From there the “sling:resourceType” is taking us to “cq/gui/components/authoring/editors/switch”, here the editing part of Touch UI would be catered.
Similarly for cf# its -> cq/ui/components/widget -> cq/ui/components/widget -> /libs/cq/ui/components/widget/html.jsp
Here’s one way to look for Resource resolution:
Head over to http://localhost:4502/system/console/servletresolver
Enter the request URL and select the appropriate HTTP method (http://localhost:4502/editor.html/content/we-retail.html)
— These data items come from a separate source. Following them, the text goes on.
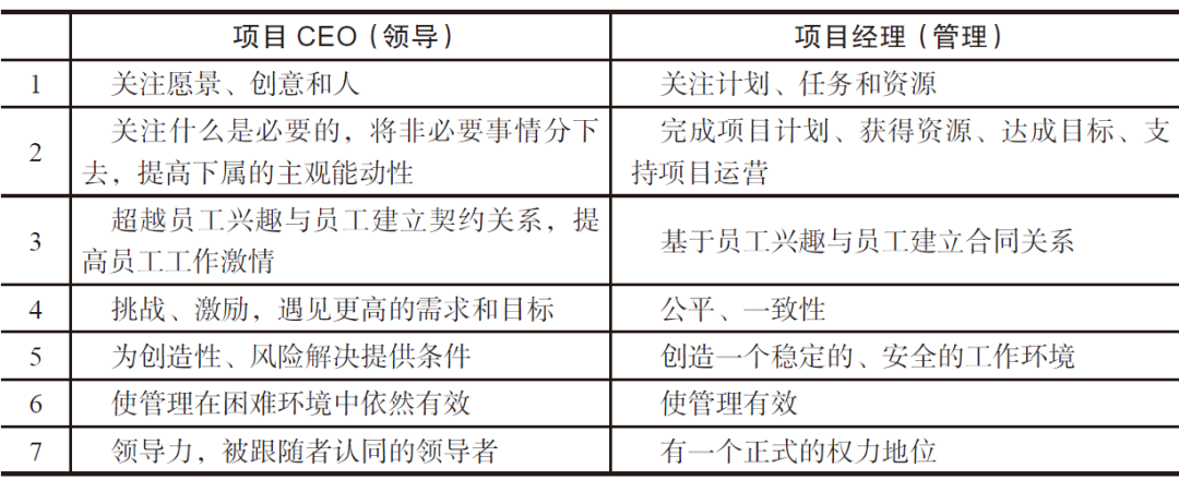项目CEO在项目管理中处于核心地位,它和一般意义上项目经理有一个显著不同:项目CEO不只是一个协调员或者执行指挥员,还要有责任心和使命感,承担起对外代表企业、对内代表客户的价值创造的责任,要“想老板那样”,只有这样,项目CEO才有可能围绕整个项目目标掌握整个项目风险并给顾客,华为等干系人带来价值。项目CEO与项目经理的区别如表3-1所示。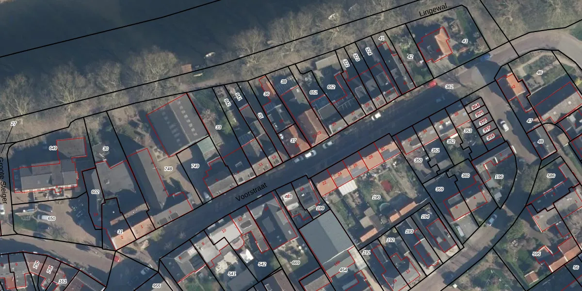 Het perceel waarop Voorstraat 19 staat heeft een oppervlakte van 77 m². Dit is een klein perceel. De perceeloppervlakte wordt geregistreerd door het Kadaster. Gedetailleerde informatie over de maten van dit perceel kunt u vinden in het rapport Kadastrale kaart met maatvoering van Voorstraat 19.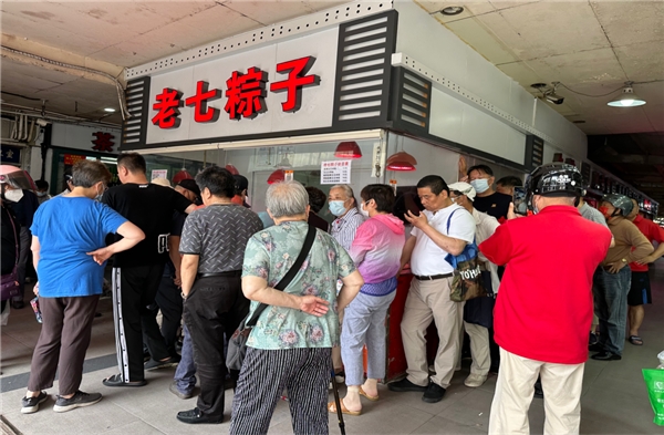 我乘坐1號線到彭浦新村下車2號口出來,坐741到保德路三泉路下車,走到三泉路900弄對面工商銀行,入口進去就是東康菜市場,發(fā)現第 一家就是老七粽子店,一大早就看到一群人在排隊!
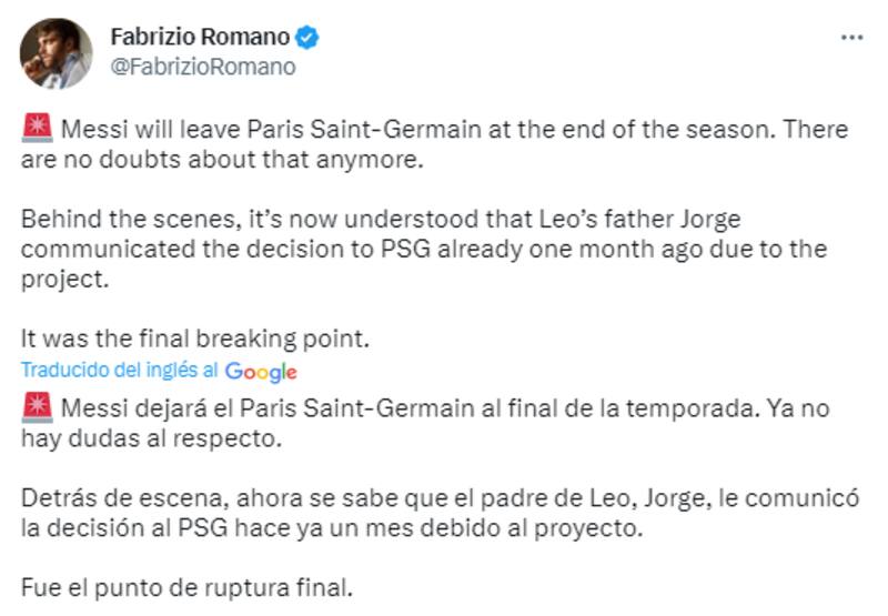 Según confirmó el principal periodista en los traspasos futbolísticos Fabrizio Romano, Messi dejará París y que "hay una ruptura final" en la relación entre ambos.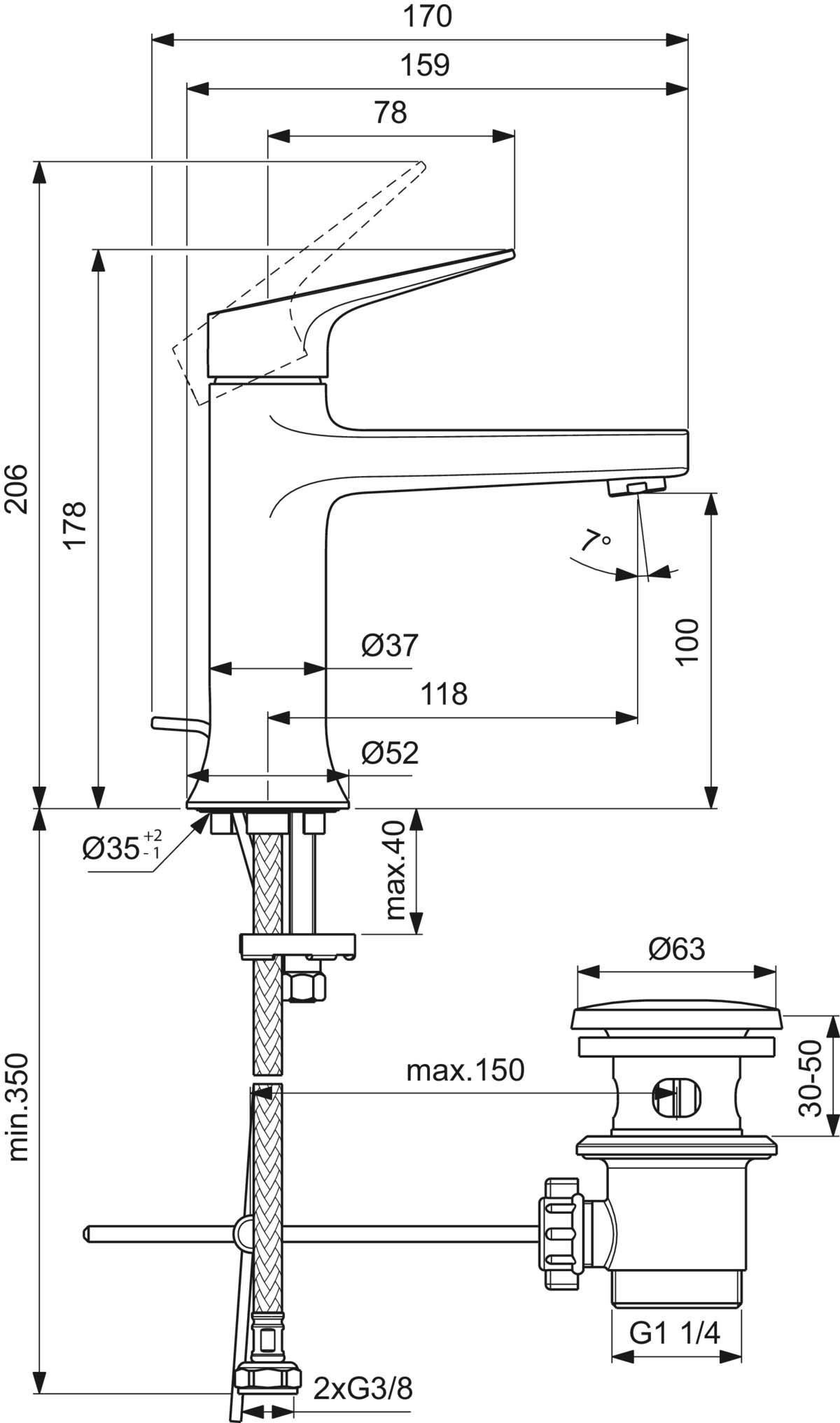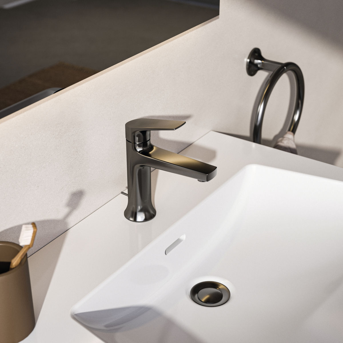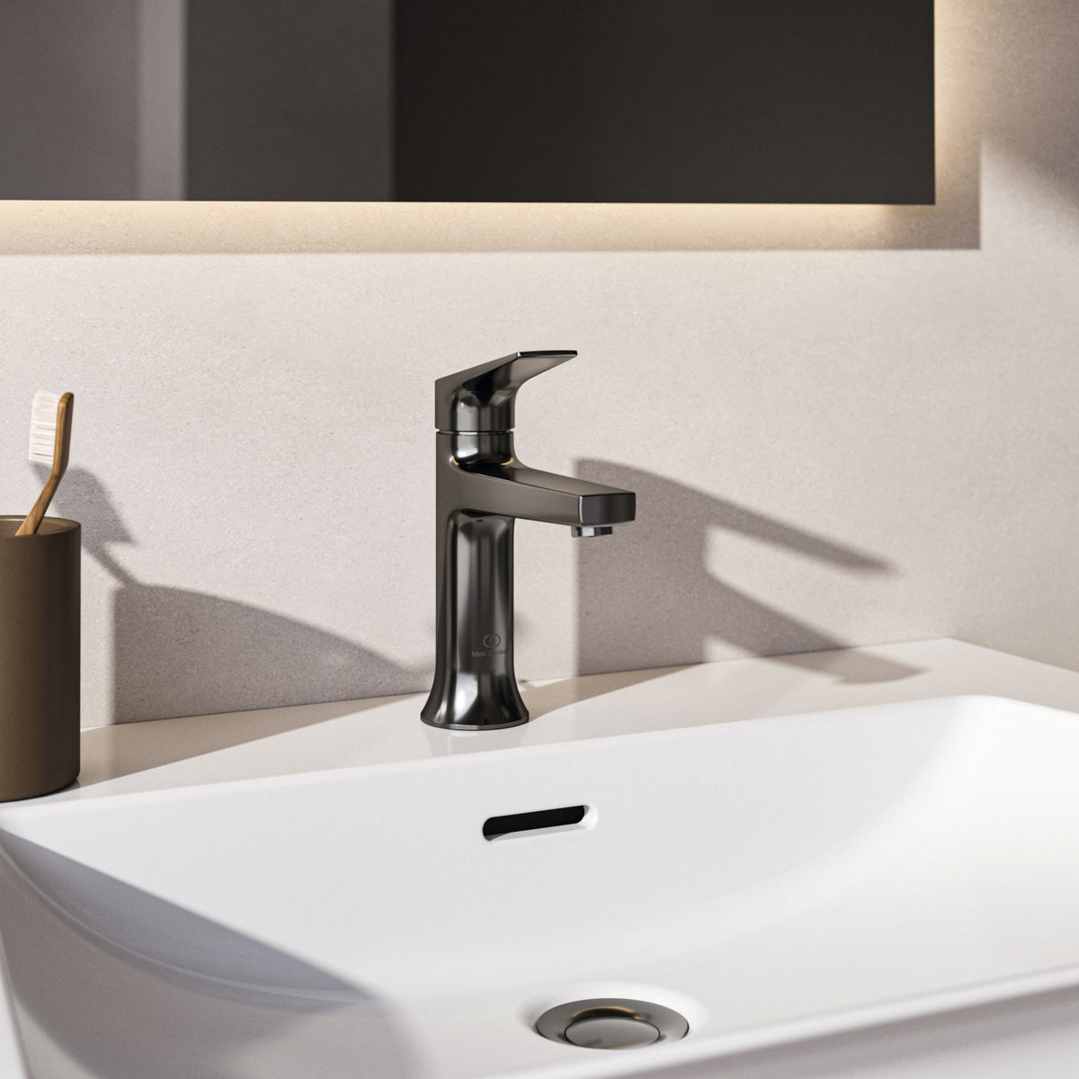 La Dolce Vita Однорукоятковый смеситель для раковины с донным клапаном, керамический картридж FirmaFlow 28 мм, с функцией HWTC (ограничение максимальной температуры горячей воды), логотип Ideal Standard на корпусе, металлическая рукоятка без индикаторов горячей/холодной воды, аэратор M24x1 с ограничением потока 5 л/мин., система монтажа EASY-FIX (облегченный монтаж), гибкая подводка G3/8" PEX, металлический донный клапан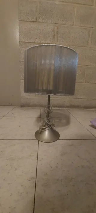 Elegante lámpara de mesilla con un diseño moderno. - Acabado en tono plateado. - Pantalla de tela. - Base y pie de metal.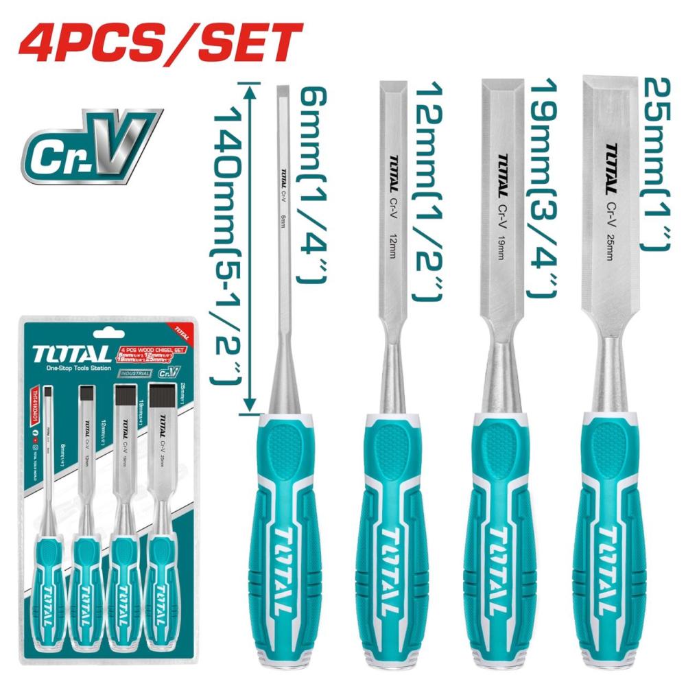 🪵 توتال – طقم أزميل خشب 4 قطع | موديل 0401 | دقة في النحت وتشطيب احترافي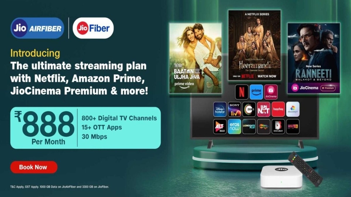 Jio Recharge Plan: भारत की सबसे बड़ी टेलीकॉम कंपनी रिलायंस जियो ने जियोफाइबर और जियोएयरफाइबर के लिए नया ब्रॉडबैंड प्लान पेश कर दिया है। नया प्लान खासतौर पर उन ग्राहकों के लिए ज्यादा फायदेमंद है, जो OTT पर फिल्में, वेबसीरीज और टीवी शोज देखना पसंद करते हैं। यह नया प्लान 888 रुपए प्रति महीने के साथ आता है यानी आपको इस प्लान का लाभ लेने के लिए कम से कम 888 रुपए का रिचार्ज कराना होगा।
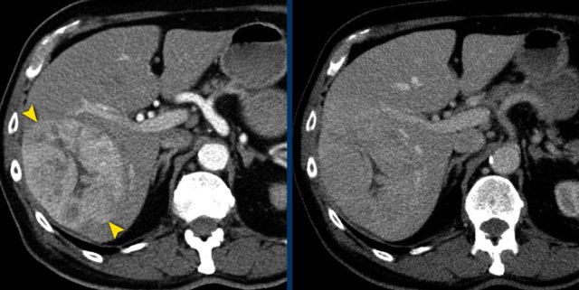 The CT image of the liver of a 96-year-old male with HCC in the late arterial phase shows a hypervascular tumour in the right liver lobe (arrowheads).

The Opting servlets will be listed – I think the ‘chosen’ one is on the top…
Here’s another:
Head over to http://localhost:4502/system/console/requests and clear existing requests
‘Edit’ a ‘simple’ AEM site (e.g. navigate to http://localhost:4502/editor.html/content/we-retail.html)
Refresh the page in #1 and locate your request
It may happen that the page you are interesting in sends more than 20 requests – perhaps there’s a configuration to increase how many requests are ‘kept’ for analysis but I don’t know of it – instead, what you can try is to ‘cancel’ the page-load (so that further requests are not sent to the server)
The downside of 2nd method is limited requests can be tracked this way – the upside is that you get a lot more information that the 1st.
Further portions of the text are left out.